What Is Monsoon Rain?

To understand what monsoon rain is, we need to have a look at the historical background for the phenomena.

Summer rain brings welcome relief from the hot, dry days in May and June. They also produce a second round of wildflowers, including summer poppies, devil’s claws, morning glory, and blooming woody plants such as agaves. We call it monsoon, but that is a slight misnomer; the term actually refers to a seasonal shift in the winds that brings wet and dry periods.

The beginning of the summer monsoon is characterized in early May by a period of pre-monsoon rains in southern China and Taiwan. The summer rains continue throughout the month with dramatic lightning and thunderstorms.

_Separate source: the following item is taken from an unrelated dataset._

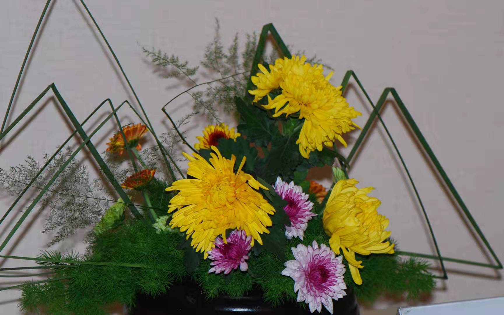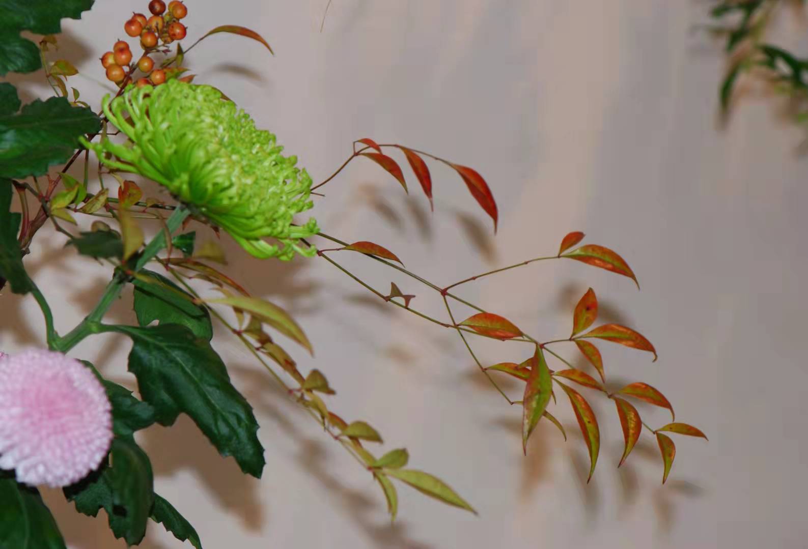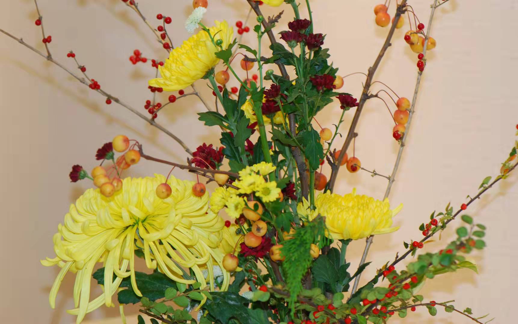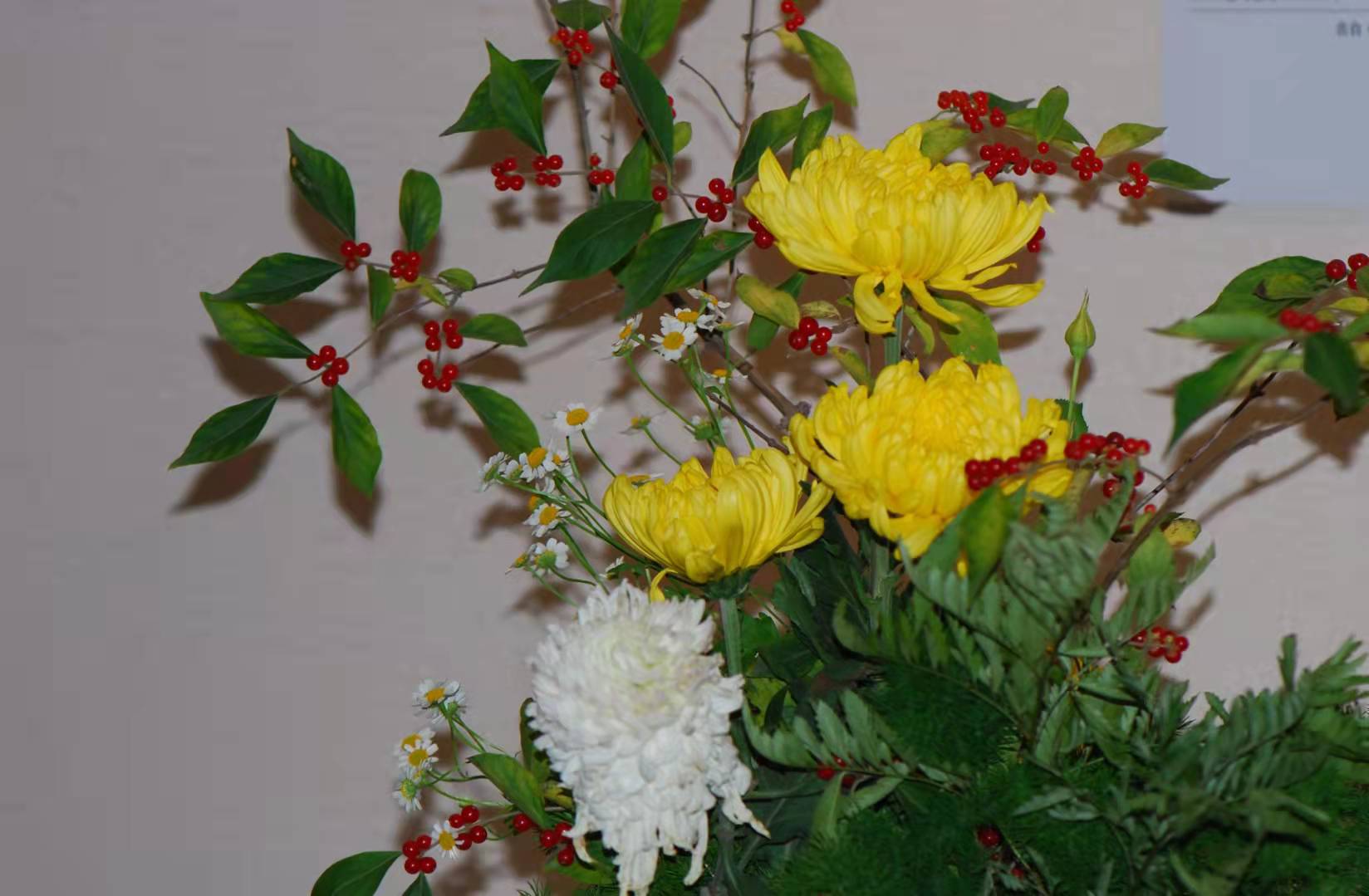 浅红淡白间深黄,簇簇新妆阵阵香,别出心裁的盆景造型艺术让菊花劲添雍容华贵之气,美不胜收!(摄影 武庆新)

In August, the monsoon moves into a series of dry and rainy phases while the rain belt moves north, starting in June in Indochina, the South China Sea, and the Yangtze Basin in Japan and in July in North China and Korea.

Summer Monsoon Rain

The summer monsoon takes place from September to February and is an important source of energy for the Hadley cycle during the boreal winter. Most of the summer monsoon rains in the West tend to rise strongly and produce abundant rainfall as condensation and water vapor rises into the air. The winter monsoon, on the other hand, has a dominant eastern component, which is more prone to drift apart and subside, causing droughts.

South East-Asia Monsoon

The rain forecast for Nam benefits the Four Corners region. The world’s strongest monsoon region extends from the South China Sea to the Indian Ocean, including all of Asia and the northern end of Australia. A large part of this region, along with the whole western third of the country and the northern region, is currently experiencing some of the worst drought conditions in recent times.

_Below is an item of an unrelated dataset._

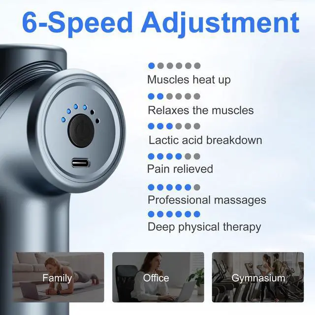 Post-Workout Recovery & Daily Relaxation: Using our deep tissue massage gun after exercise helps speed up lactic acid metabolism, eases muscle soreness and fatigue, and shortens recovery time. Daily use relieves muscle tension, reduces stiffness, and boosts comfort during work or study.

From June to September, South Asian countries like Vietnam, Thailand, Cambodia, Bangladesh, Laos, India, and Pakistan experience summer monsoon rains. There is also the East Asian monsoon, which brings summer rain to Korea, Japan, and China, but it is caused by another wind pattern associated with the jet stream. From December to February, monsoon rains shift away from the equator, and Australia and South Asia experience drier monsoon conditions.

Monsoon Rain in The US

Heavy monsoon rains hit Pakistan in late July and early August 2008. In 2008, officials of the National Weather Service decided to consider June 15 through September 30 in Arizona as the Southwest monsoon season in the U.S. because thunderstorms bring rain at different times and locations in the region. The monsoon rains are the most dramatic in southeastern Arizona and Western New Mexico. They are intensifying around Phoenix and Yuma.

Monsoon is changing

There is evidence that the monsoon is changing, and researchers are studying how the amount of monsoon rainfall will affect climate change in the future. The general physical conditions that cause the movement of the Earth and the distribution of land and water on its surface are, to a certain extent, effective, but meteorological phenomena are considered periodic in their main characteristics. The summer monsoon does not always bring the same amount of rainfall and fluctuations in rainfall can have an impact on agriculture and the economy.